Zum Ende von Band 3 sind Ophelia und Thorn so vereint wie nie. Wären da nicht ...

Achtung: Dies ist der 4. und letzte Band einer Reihe. Wer die Vorgänger nicht kennt, für den enthält diese Rezension Spoiler.

Zum Ende von Band 3 sind Ophelia und Thorn so vereint wie nie. Wären da nicht diese ständigen Echos und die Gefahr, die nach wie vor von dem Anderen und Eulalia Gort ausgeht. Teile der Arche Barbel verschwinden derweil im Nichts und alle Spuren führen zum Beobachtungsinstitut. Im Auftrag der Genealogen geht Thorn als verdeckter Ermittler in das Institut. Ophelia dagegen lässt sich selbst als "Untersuchungsobjekt" einweisen - trotz der Warnungen ihrer Freunde, dass bisher niemand, der das Institut als Patient betreten hat, dieses auch freiwillig wieder verlassen durfte. Und währenddessen zerfallen die Archen der Welt weiter und verschlucken zahlreiche Menschen mit sich. 

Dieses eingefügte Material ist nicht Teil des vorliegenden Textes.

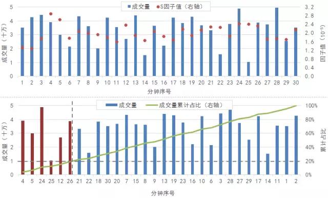 借助指标S,我们可以通过以下方法筛选聪明钱的交易:对于特定股票、特定时段的所有分钟行情数据[2],将其按照指标S从大到小进行排序,将成交量累积占比前20% 视为聪明钱的交易。为了更加形象地展示这一划分过程,图表1给出了一个简单的示例。图表1的上半部分,是一段长度为半小时的分钟行情数据,按照时间顺序排列,时间标签依次为1至30,蓝柱代表每分钟的成交量,红点代表每分钟的S值。图表1的下半部分,我们按照S值从大到小对行情数据进行重新排序,柱子仍代表每分钟的成交量,绿线代表成交量从左到右的累计占比(相对于总成交量)。最后,我们以成交量累计占比20% 作为划分的界线,将最左侧的6个分钟数据(红柱)划归为聪明钱的交易。剩余的分钟数据(蓝柱)则被划为普通资金的交易。

Wer die Bände der Reihe nicht in einem Rutsch liest, sondern sie nach und nach im Tempo ihres Erscheines gelesen hat, der wird gerade am Anfang des 4. Bandes etwas brauchen, um wieder in die Geschichte hinein zu finden. Die Vorgängerbände zu kennen, ist an dieser Stelle der Geschichte definitiv zwingend erforderlich. Lauter Fakten und Informationen strömen auf den Leser ein, sodass ich das ein oder andere doppelt lesen musste, um zu verstehen, was diese neue Information eigentlich für die Geschichte bedeutet und wie ich sie einzuordnen habe. Hat man diesen - doch tatsächlich - anspruchsvollen Teil überstanden, nimmt die Spannungskurve rapide zu. Hier geben sich die spannenden Momente, in denen ich mit Ophelia mitgefiebert oder mitgezittert habe, die Klinke. Wird ein Rätsel entschlüsselt, kommen zwei neue dazu. Auf den etwa letzten 100 Seiten habe ich es dann vor Spannung fast nicht mehr ausgehalten. Das Buch hat ungeahnte Wendungen angenommen und es gab mindestens eine Szene, nach der ich das Buch erst einmal zur Seite legen und das Gelesene verdauen musste.

 Besonders beeindruckend ist allerdings das Ende. Es ist ganz anders als ich es erwartet - oder eher: mir erträumt hätte. Aber es ist gut so wie es ist. Es ist wie ich finde alles andere als typisch für das Genre, es bedient sich keiner Klischees und ob es nun ein Happyend ist oder nicht, kommt vielleicht ein wenig auf die Perspektive an. Aber es ist ein würdiger und vor allem sehr passender Abschluss, mit dem Christelle Dabos ein weiteres mal beweist, was für eine gute Autorin sie ist und vor allem wie besonders ihre Geschichte um die Spiegelreisende Ophelia ist.